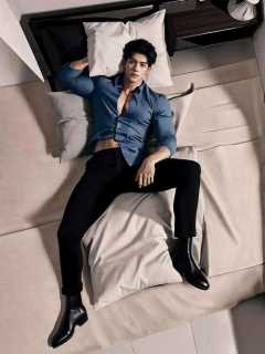 <lora:betaboy:0.2>,<lora:menhard:0.2>, <lora:asianmale_v10:0.3>,<lora:GoodHands-beta2:1>,perfect hands, five fingers on each hand,one young man, (full body:1.5), (short black hair:1.3), (looking at viewer:1.5), (from above:1.3),(unbottoned denim shirt:1.5), black pants, black boots,(lying in bed:1.3),indoor, day, daytime, in the morning, bedroom, window, natural lighting,(muscular, large pectorals, abs:1.3),best quality,masterpiece,ultra highres,photorealistic,realistic
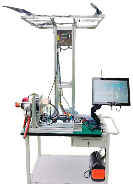 Before conducting the flight experiment of the improved series hybrid power architecture on the compound-wing VTOL, it is necessary to perform a ground performance experiment to verify the overall system stability. Therefore, a ground test bench has been assembled as depicted in Figure 17. Additionally, some parameters of the ground test bench are presented in Table 4.
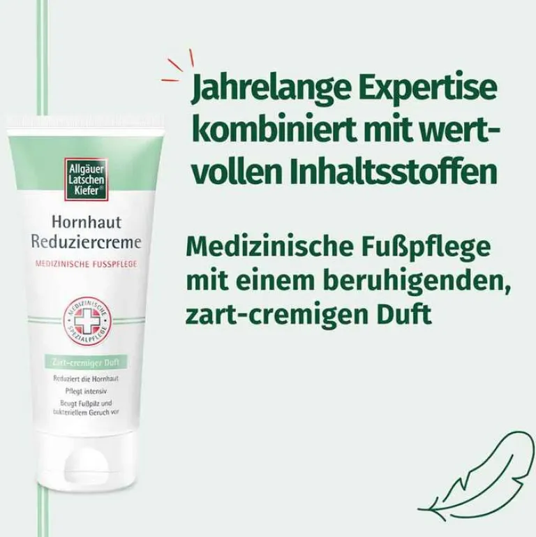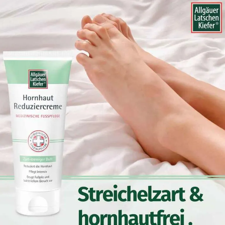 Die Hornhaut Reduziercreme Cremig von Allgäuer Latschenkiefer ist eine Fußpflege, die jahrelange Expertise mit wertvollen Inhaltsstoffen kombiniert. Sie wirkt sanft, aber dennoch effektiv bei der Reduzierung unerwünschter Hornhaut. Ihre Anti-Hornhaut-Formel kombiniert wertvolle Fruchtsäuren, wie Salicyl- und Glykolsäure, um Hornhaut gezielt zu reduzieren und das Hautbild sichtbar zu verbessern – und das bereits innerhalb weniger Tage.
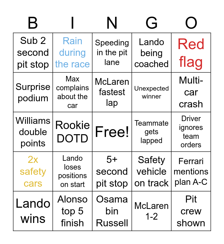 This bingo card has a free space and 102 words: Yuki DNFs, Grass on fire, Red flag, Lap 1 incident, Safety car, Ferrari radio moment, 3+ drivers DNF, Rookie DNFs, Pit stop issues, "Papaya rules", Jump start, Race over 2 hours, Antonelli wins, Virtual safety car, "Box, Box, Box", 2x red flags, 2x safety cars, Team double DNF, All drivers finish, Time penalty, Last lap overtake, Yuki podium, Lawson > Yuki, Sauber in the top 10, Unexpected podium, Multi-car crash, Lando being coached, Lando loses positions on start, Driver swears on radio, Yuki complains about the car, Rain during the race, Speeding in the pit lane, Unsafe release, Pit lane start, Safety car finish, 5+ second pit stop, Teammates crash into each other, Commentator's curse, Williams double points, McLaren 1-2, Yuki wins, Leclerc wins, Lando wins, Piastri wins, Verstappen wins, Hamilton wins, Russell wins, Unexpected winner, Mechanical failure, Commentator says something weird, Graphic issues, Rookie on podium, Surprise podium, Yuki > Max, Ferrari disasterclass, Fans shown, Max & Lando battle for over 5 laps, Max DNF, Funny team radio, Pit crew shown, Debris on track, British driver on podium, Sbinalla, Lawson in the points, Driver argues on team radio, McLaren favoritism for Lando, Animal on track, Driver ignores team orders, Rookie DOTD, Alonso top 5 finish, Car on fire, Doohan DNFs, HES LOCKING HIS BRAKES UP, Camera cuts away mid battle, Front wing damage, Fans wave at camera, Max complains about the car, Backmarker team leads a lap, Teammates battle, Driver makes up 10+ positions, Driver stops in wrong box, Less than 5 second finishing margin, Debris on track, Teammate gets lapped, Incident in the chicane, McLaren fastest lap, Stroll > Alonso, Lewis > Leclerc, Albon > Sainz, Piastri > Lando, Antonelli > Russell, Safety vehicle on track, Bollard hit, Lawson overtakes yuki, Stroll DNFs, Osama bin Russell, Sub 2 second pit stop, MaFIA, Ferrari mentions plan A-C, Race cancelled, Masterclass strategy and Special livery mentioned.

The task =
From the top of the listing above, repeat each line exactly until you reach the line containing "Die Hornhaut Reduziercreme", and repeat that one too. Leave the pictures out.

Task response =
 <lora:betaboy:0.2>,<lora:menhard:0.2>, <lora:asianmale_v10:0.3>,<lora:GoodHands-beta2:1>,perfect hands, five fingers on each hand,one young man, (full body:1.5), (short black hair:1.3), (looking at viewer:1.5), (from above:1.3),(unbottoned denim shirt:1.5), black pants, black boots,(lying in bed:1.3),indoor, day, daytime, in the morning, bedroom, window, natural lighting,(muscular, large pectorals, abs:1.3),best quality,masterpiece,ultra highres,photorealistic,realistic
 Before conducting the flight experiment of the improved series hybrid power architecture on the compound-wing VTOL, it is necessary to perform a ground performance experiment to verify the overall system stability. Therefore, a ground test bench has been assembled as depicted in Figure 17. Additionally, some parameters of the ground test bench are presented in Table 4.
 Die Hornhaut Reduziercreme Cremig von Allgäuer Latschenkiefer ist eine Fußpflege, die jahrelange Expertise mit wertvollen Inhaltsstoffen kombiniert. Sie wirkt sanft, aber dennoch effektiv bei der Reduzierung unerwünschter Hornhaut. Ihre Anti-Hornhaut-Formel kombiniert wertvolle Fruchtsäuren, wie Salicyl- und Glykolsäure, um Hornhaut gezielt zu reduzieren und das Hautbild sichtbar zu verbessern – und das bereits innerhalb weniger Tage.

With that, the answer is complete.